House Dems vote to adopt $3.5T budget resolution, move forward with big spending agenda

WASHINGTON, DC - AUGUST 24: House Speaker Nancy Pelosi (D-CA) speaks to a reporter as she walks to the floor of the House Chambers to give remarks at the U.S. Capitol on August 24, 2021 in Washington, DC. A group of moderate democrats are pressing Speaker Pelosi to pass the bipartisan infrastructure bill first before taking up the budget reconciliation bill. (Photo by Anna Moneymaker/Getty Images)

WASHINGTON, D.C. – AUGUST 24: House Speaker Nancy Pelosi (D-Calif.) speaks to a reporter as she walks to the floor of the House Chambers to give remarks at the U.S. Capitol. (Anna Moneymaker/Getty Images)

OAN Newsroom
UPDATED 3:24 PM PT – Wednesday, August 25, 2021

House Democrats have voted to advance their $3.5 trillion budget resolution. After much debate, it came down to a 220 to 212 vote, strictly along party lines on Tuesday.
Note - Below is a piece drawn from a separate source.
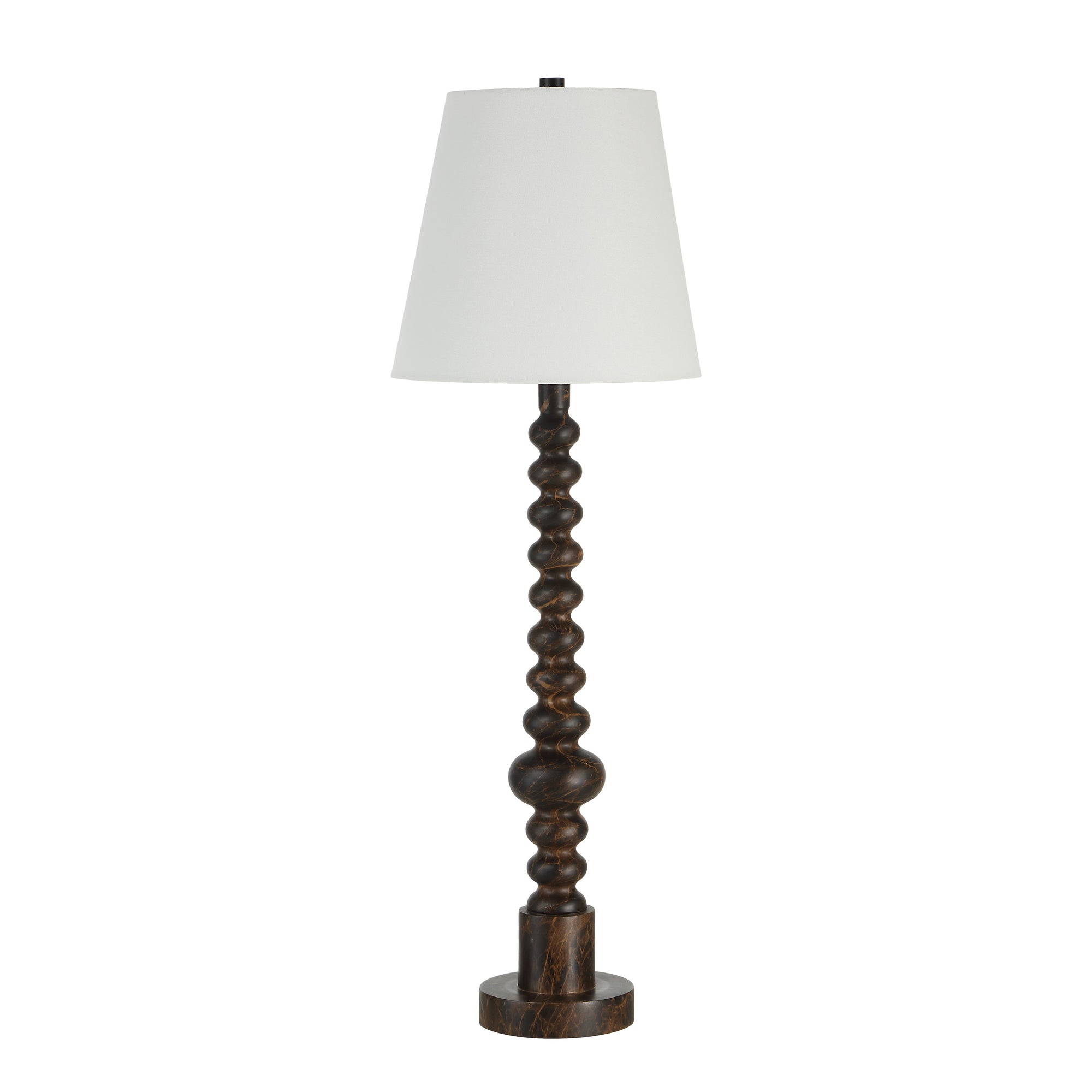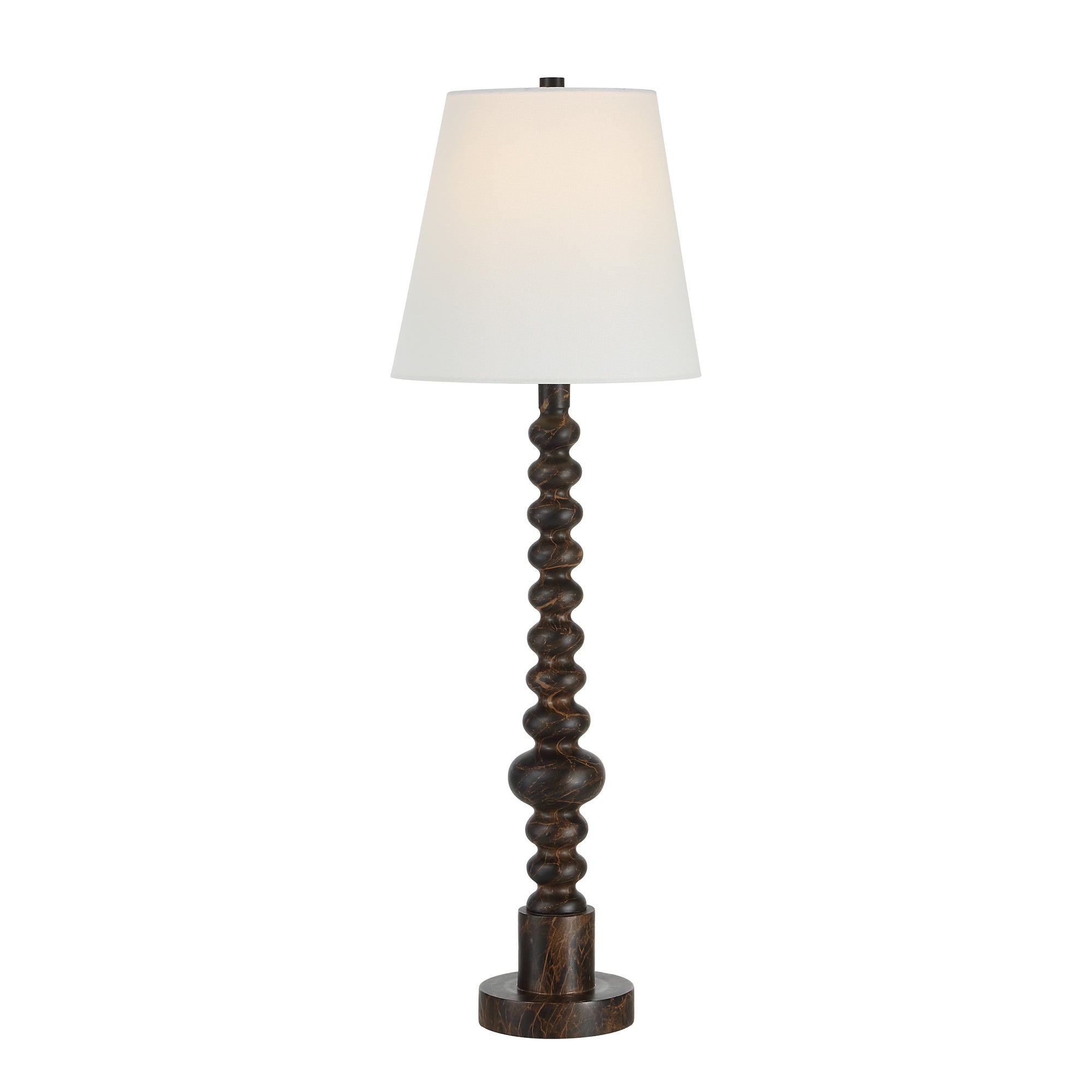 The Famar table lamp combines bold design with subtle elegance. Its black marble-effect base contrasts beautifully with a clean off-white linen shade, creating a striking focal point. A rotary dimmer lets you customize the light, while its sleek, contemporary lines bring texture and sophistication to modern or transitional interiors alike.

This would allow Democrats to write and pass their own spending package without Republican support. However, it also includes a non-binding commitment to take up the Senate-passed infrastructure deal by Sept. 27.

This comes after centrists Democrats refused to move forward with any of the Democrat House leadership’s agenda before there were assurances they would move to pass the bipartisan infrastructure deal first. In addition, the far-reaching vote advanced Democrats’ so-called voting rights bill, which the House passed later Tuesday night.

Speaking on the floor, House Minority Leader Kevin McCarthy (R-Calif.) called it a sad day for the country, pointing to the trillions of dollars in spending the bills would rack up if fully passed.

“Maybe in your caucus you think it’s a great day for you and the Democrats. It is an embarrassing day to America,” stated McCarthy. “It’s an embarrassing day for this floor, and it’s embarrassing that you would even move forward with it.”

The California Republican also condemned Democrats for essentially ignoring the disastrous Afghan withdrawal, arguing Congress should be drafting legislation to help get Americans stranded in the war-torn country back home and to ensure the Taliban takeover does not pose a threat to U.S. national security.

“Democrats called us back for an emergency session, the first session since Kabul fell to the Taliban. But faced with a national security and credibility crisis in Afghanistan, they have done nothing to plan to address it,” said McCarthy.

Meanwhile at his press briefing on Tuesday, Joe Biden praised House leadership for moving the packages forward with no bipartisan agreement.

Additionally, Democrats hope to fit in a number of their major agenda items in the budget package, including investments in far-left climate policy, an expansion to Medicare and universal Pre-K education.